La solidarietà deve ispirare non solo l’agire delle istituzioni ma anche i comportamenti dei singoli, di tutti coloro che si trovano ad operare per il bene comune, perché tutti siano veramente responsabili di tutti. Ognuno, dunque, deve fare ciò che è nelle proprie possibilità affinché sia alleviata la sofferenza degli altri, sovvenendo prima il bisogno del momento – come sta accadendo con l’impegno di tantissimi volontari ed operatori della carità – quindi, in particolare se si svolgono funzioni pubbliche, facendo tutto ciò che è nei propri doveri e nelle proprie possibilità per accelerare la ripresa del lavoro e dell’economia. Prendendo ad esempio le condotte esemplari ispirate all’altruismo e al senso del dovere tenute dagli operatori sanitari nei giorni più difficili della pandemia, così anche nel difficile contesto economico e sociale che ci attende, ciascuno dovrà dare la disponibilità, in senso evangelico, a “perdersi” a favore dell’altro invece di sfruttarlo, e a “servirlo” invece di opprimerlo per il proprio tornaconto.

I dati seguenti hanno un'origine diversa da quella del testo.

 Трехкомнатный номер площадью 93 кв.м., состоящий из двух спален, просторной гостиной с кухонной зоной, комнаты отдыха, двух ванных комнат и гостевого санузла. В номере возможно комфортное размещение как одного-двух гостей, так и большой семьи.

La concreta prospettiva di una crisi economica conseguente alla pandemia ci interroga sul come si dovrebbero caratterizzare le scelte future. In Evangelii gaudium, Papa Francesco ricorda a tutti che “la dignità di ogni persona umana e il bene comune sono questioni che dovrebbero strutturare tutta la politica economica” per un vero sviluppo integrale. Ed è con la reale attuazione, nel loro autentico significato, di parole quali etica, solidarietà mondiale, distribuzione dei beni, difesa dei posti di lavoro, dignità dei deboli, impegno per la giustizia che si potrà ricostruire la nostra Sicilia come autentica “casa comune”. Occorre che il nostro essere seminatori di speranza si leghi all’essere educatori della speranza. Insegnando e testimoniando che la legalità è una delle vie principali da percorrere per trovare e abbracciare la speranza.